By: Thiago Santos
We’re encoding millimeter precision into HD Vector Maps that define Protobuf (PBF) for serialization designed to encode data with variable precision, optimizing the data size for the exact resolution needed by the dataset.
Coordinates traditionally are represented in memory as double triplet (Latitude, Longitude, Altitude). Our HD map format turns real world coordinates into a local tile grid. This means a long sequence of coordinates is now represented as sequence instructions. This radically saves bandwidth for streaming data to a car and reduces storage size for larger area coverage offline.
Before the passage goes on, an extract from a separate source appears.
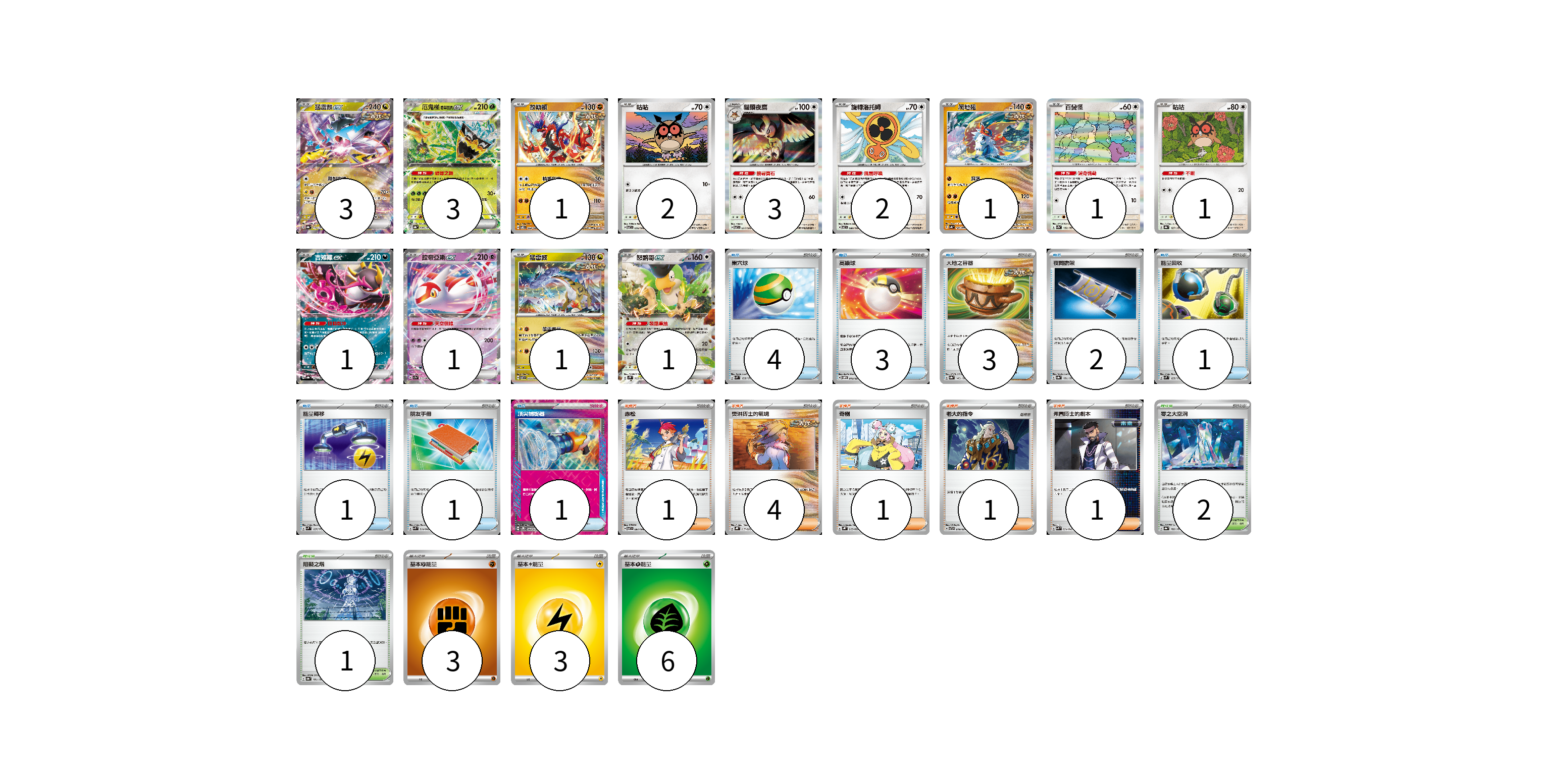 牌組構築方案 以此牌組為基礎新構築牌組 顯示卡面 顯示列表 寶可夢卡(21) 3 3 1 2 3 2 1 1 1 1 1 1 1 物品卡(16) 4 3 3 2 1 1 1 1 支援者卡(8) 1 4 1 1 1 競技場卡(3) 2 1 能量卡(12) 3 3 6 寶可夢卡(21) 卡牌名稱 張數 卡牌名稱 張數 猛雷鼓ex SV8a 124/187 03 厄鬼椪 碧草面具ex SV8a 020/187 03 故勒頓 SV8 069/106 01 咕咕 SV7 076/102 02 貓頭夜鷹 SV7 077/102 03 旋轉洛托姆 SV7 080/102 02 爬地翅 SV4K 041/066 01 百變怪 SV2a 132/165 01 咕咕 SV8a 127/187 01 吉雉雞ex SV8a 104/187 01 拉帝亞斯ex SV7a 019/064 01 猛雷鼓 SV7 075/102 01 怒鸚哥ex SV2P 065/071 01 物品卡(16) 卡牌名稱 張數 卡牌名稱 張數 巢穴球 SVM 133/175 04 高級球 SVOM 013/021 03 大地之容器 SV8a 143/187 03 夜間擔架 SV8a 151/187 02 能量回收 SVM 125/175 01 能量轉移 SVM 127/175 01 朋友手冊 SVK 014/042 01 頂尖捕捉器 SV5M 062/071 01 支援者卡(8) 卡牌名稱 張數 卡牌名稱 張數 赤松 SV7 097/102 01 奧琳博士的氣魄 SVHK 017/022 04 奇樹 SVHK 019/022 01 老大的指令 SVTR 019/021 01 弗圖博士的劇本 SVK 034/042 01 競技場卡(3) 卡牌名稱 張數 卡牌名稱 張數 零之大空洞 SV8a 182/187 02 阻礙之塔 SV8a 181/187 01 能量卡(12) 卡牌名稱 張數 卡牌名稱 張數 基本【鬥】能量 SVTG FIG 03 基本【雷】能量 SVTR LIG 03 基本【草】能量 SVTM GRA 06 以此牌組為基礎新構築牌組 牌組編碼 nicqnT-JZgLOz-dJKmHH copy 列印牌組單 牌組編碼已複製 分享至SNS

The HD map format uses “pen” commands to move a cursor in the tile grid, making it possible to encode a coordinate into something as small as 32-bits integer. Describing a four points 3D line would look like:
MoveTo(+2,+2,+5)
LineTo(+0,+8,+3)
LineTo(+3,+2,+5)
LineTo(+1,+0,+2)
The local tile coordinates are then converted back to the source projection when decoding the vector tile, to be consumed by the autonomous navigation engine.
HD Vector Maps support encoding arbitrary metadata. This lets each automotive company or tier 1 customize for their proprietary HD map formats. A point representing a road traffic sign valid in only four countries in Europe could have properties like:
The metadata is flexible and can be used for encoding strings, numbers, arrays and serialized nodes used to reconstruct a connected road graph inside a car with full level of detail.
The data is tiled in small pieces, distributed with low latency around the globe and receive partial updates in real-time as the road network gets smarter. Basically this brings Snapchat level scale for HD automotive maps, giving your fleet the latest up-to-date maps, in the fastest way possible, anywhere in the globe.
The code to encode, decode, optimize, and visualize HD Vector Maps is open source. For example, take a look at vtzero, our favorite decoder for embedded devices. It has a small memory footprint, is highly performant and it is designed to minimize memory allocations. Our open source approach fosters a healthy ecosystem of tools and means OEMs and suppliers can modify functionality to fit their exact needs and then use the Mapbox platform for visualization and distribution of HD Vector Maps to global fleets of vehicles.